Quand vous ouvrez un journal économique comme Les Echos, la Tribune, Investir ou Le Revenu français, que lisez-vous ?

"Achetez la société X: opéable, elle devient très attractive", "la société Y licencie xmilliers de salariés: son cours s’envole. Achetez.", "le rachat de la société X par la société Y offre des perspectives de développement intéressantes grâce aux économies d’échelles. Achetez."
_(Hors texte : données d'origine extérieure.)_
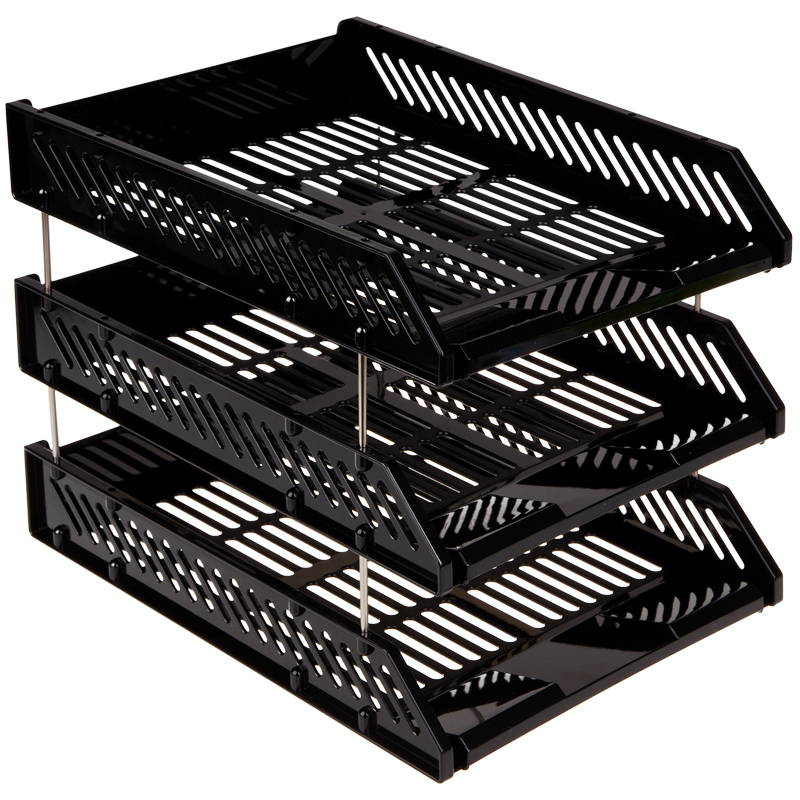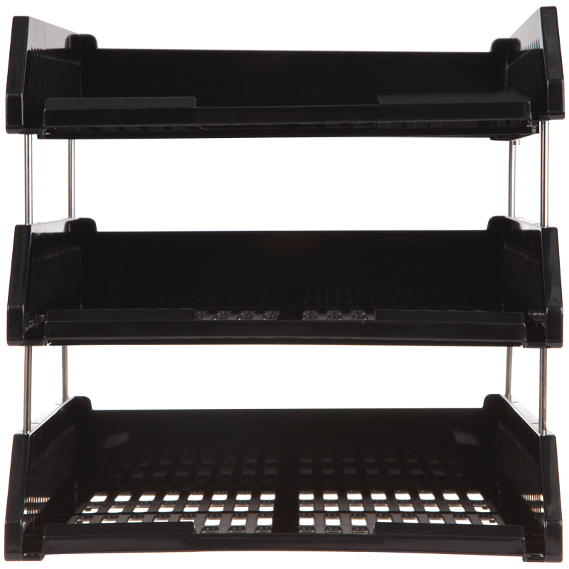 Лоток для хранения бумаг, сборный, 3 отделения, цвет черный. Секции крепятся между собой с помощью металлических стержней, которые идут в комплекте с лотком. Верхняя секция может разворачиваться на 90 градусов. Упаковка в термопленку.
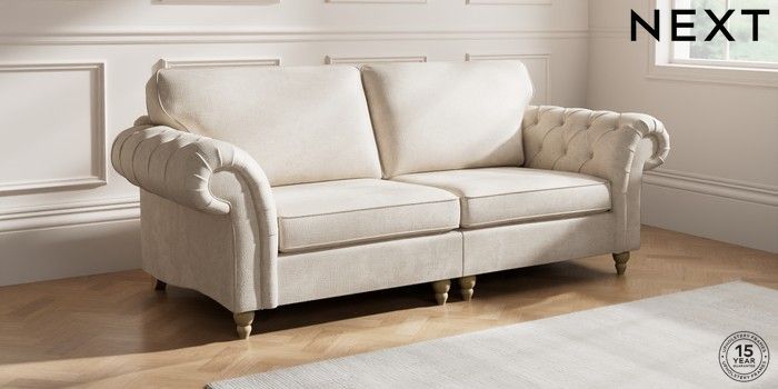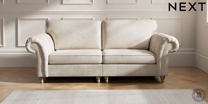 7.2.10 Gosford Highback II Deep Sit 4 Seater Sofa Plush Chenille Oyster Low Turned - Light | Made Click here to use our website with more accessibility support, for example screen readers
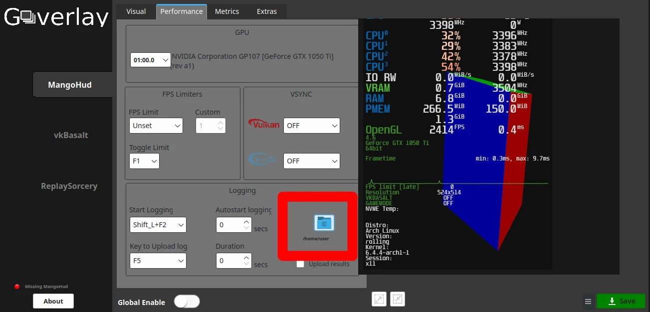 Goverlay讀取的是MangoHud預設的設定檔目錄
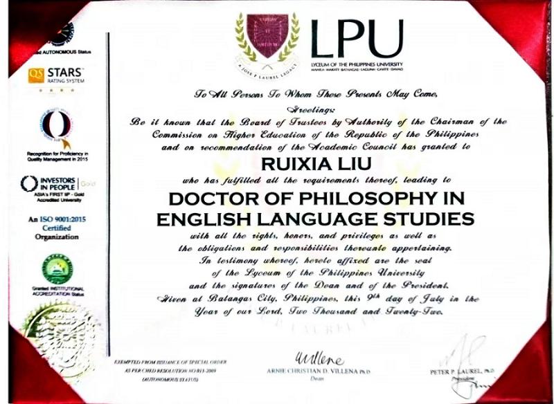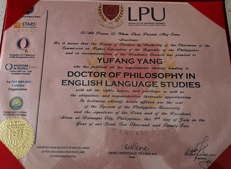 TYC234CC太阳教师刘瑞霞、杨玉芳于2020年05月-2022年11月在菲律宾莱西姆大学完成博士学业,顺利完成博士论文答辩,获得英语语言文学博士学位。两位教师博士学位的获得进一步提升了TYC234CC太阳教师的学历层次、科研能力。目前,TYC234CC太阳已有6名教师取得博士学位返校上岗。
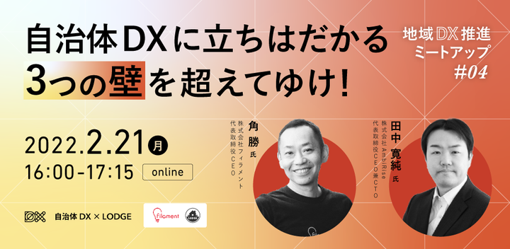 ヤフーLODGEが主催企画する【自治体DX×LODGE】の1つ、「地域DX推進ミートアップ(シリーズ)」について 現在、全国の自治体によるDXの取り組みは、地域特性、地域課題によってさまざまで、推進レベルも異なります。自治体及び地域企業が抱える課題に対し、実例を持つソリューション企業のデジタル技術や課題解決サービスの事例・活用等を知っていただき、産業課題解決を検討するきっかけを提供したいと思います。自治体DX推進の新しい気づきやエッセンスを、みなさまと共に学べる機会となることを目指します。 シリーズで開催している本企画・運営・司会進行を担当しています。 第4回を、2022年2月21日 16:00-に行いますので、PeatixのURLより概要をご確認いただき、興味ある方はぜひ視聴のお申し込みをお願いします。 また、過去3回の「地域DX推進ミートアップ #01〜#03」についても、アーカイブ動画を残していますので、こちらも参照ください。 https://www.youtube.com/playlist?list=PLv5lRk3Bg0vQlaeVViQaaPT6ueIH95U6-
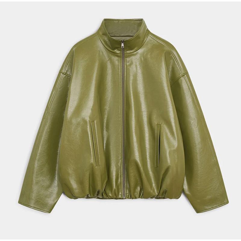Женская зеленая кожаная куртка со стойкой воротником, модная, на молнии, длинная, свободного кроя, верхняя одежда, шикарная, 2025, новая осенняя мода, уличный стиль, женская одежда M зелёный
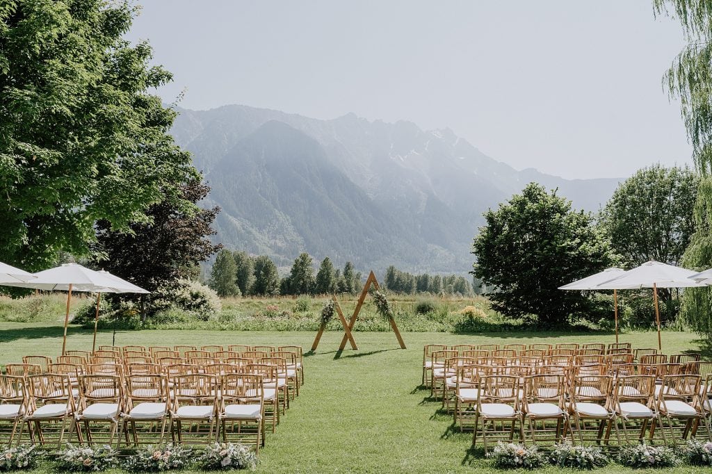 The Field: Settled into the base of a stunning mountain range, the field makes for an incredible ceremony spot. It’s also a favourite location for a long table dinner reception set-up. The views will add a majestic ambiance to your wedding ceremony + reception. The field’s views definitely add a wow factor to your mountain wedding in Pemberton.
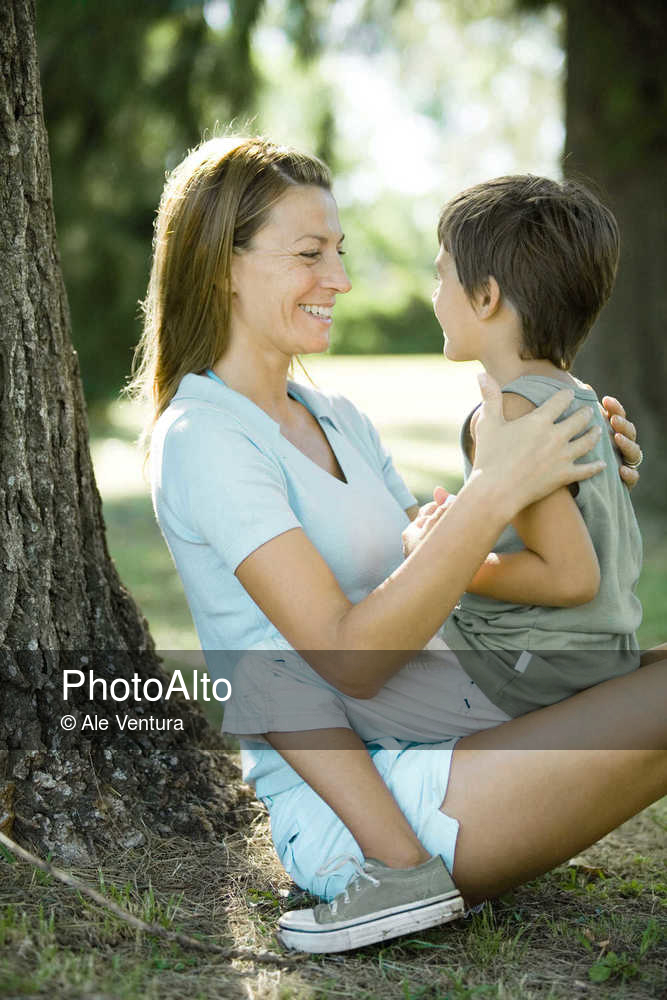 Mother and son outdoors, boy sitting on woman's lap © Ale Ventura
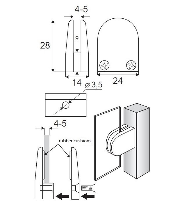 Glass Clamp, "Small", Zamak, Matt NPL,F/Thickness 4-5mm
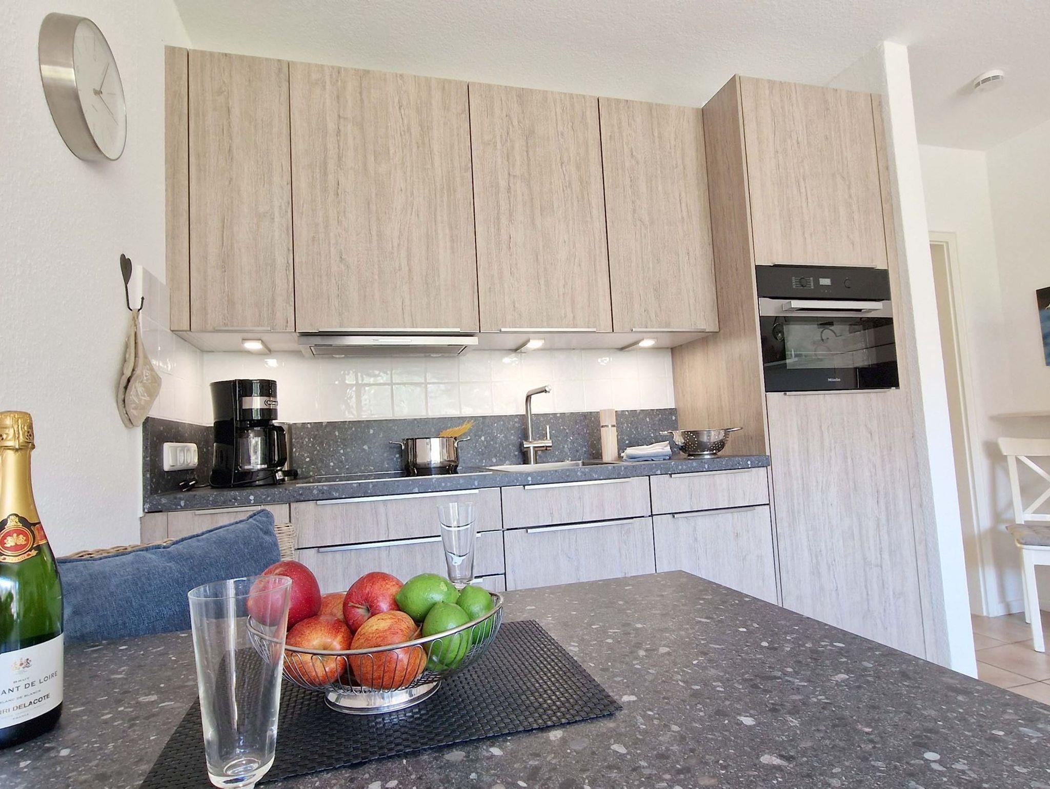Hochwertige Küchenzeile: Bereiten Sie Ihre Mahlzeiten in der gut ausgestatteten Küchenzeile mit Geschirrspüler zu, die Ihnen den Komfort von Zuhause bietet.
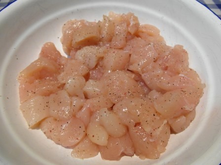 Cortamos el pollo y lo sazonamos con sal y pimienta molida.
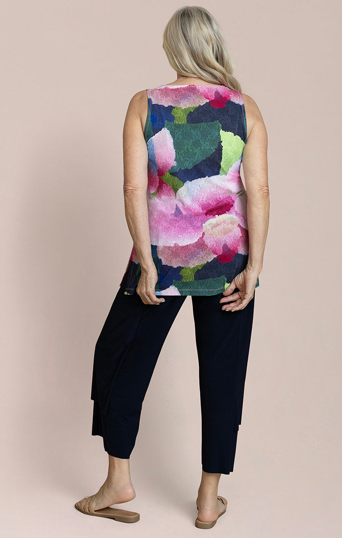 Sleeveless Nu Ideal Print delivers eye-catching style in a wearable package. Featuring an abstract floral design in vibrant jewel tones, this lightweight tank keeps you cool while looking polished. The relaxed fit works beautifully solo or layered, making it your go-to piece for effortless versatility.
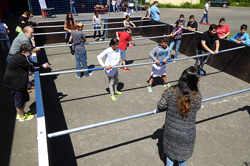 Der zweite Höhepunkt war der Menschenkicker, der während der ganzen Zeit von vielen Schülerinnen und Schüler umlagert war. Am Nachmittag vor dem Halbfinale der EM bewiesen unsere Jungen und Mädchen mindestens genau so viel Ballgeschicklichkeit wie Jogis Jungens.
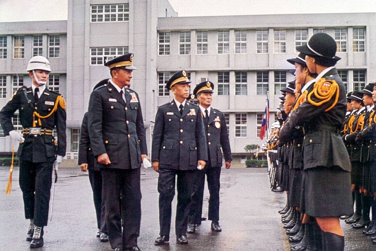 孔兼校長主持學校畢業典禮教育長周之光陪同檢閱學生儀隊 警察學校94期第二梯次95期第一梯次畢業(警光雜誌248期封面照 66.01.01警政文庫提供)
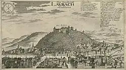 - ^ a b Peter Štih (2010). Castrum Leibach: the first recorded mention of Ljubljana and the city's early history: facsimile with commentary and a history introduction (PDF). City Municipality of Ljubljana. ISBN 978-961-6449-36-6. Archived from the original (PDF) on 2016-03-03. COBISS 252833024
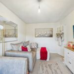 Carpeted flooring and attractive half paneled walls. Upvc double glazed window to the front aspect and central heating radiator below.
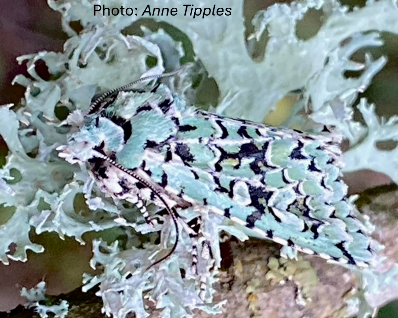 Its cryptic colouring and pattern has evolved so it is concealed on lichen, usually on the bark of old oak trees. With a wingspan of up to 50mm it is a spectacular moth, most likely to be seen in Autumn. When its eggs hatch in spring the caterpillars feed first first on the tree’s buds, then its flowers and eventually its leaves.

Bref, des conseils avisés pour ceux qui souhaitent tirer profit du capitalisme flamboyant. Et tous ces conseils sont écrits par des journalistes qui, dans les colonnes de cette presse économique, évoquent peu (pas) les angoisses du salarié de base. Ce n’est pas pour ça qu’on achète leur canard. Il n’ y a alors pas plus capitaliste que le SNJ-CGT.

Et puis quand ce genre de situation arrive à leur entreprise, c’est à dire leur journal, alors les mêmes journalistes crient au loup, SNJ-CGT en tête, dénoncent une démocratie en danger, et en appellent à Nicolas Sarkozy. C’ est un peu comme si un marchand d’ obus se plaignait d’ avoir eu son entrepôt bombardé !

Je ne sais pas quelle morale en tirer, mais vous avez le week-end pour trouver.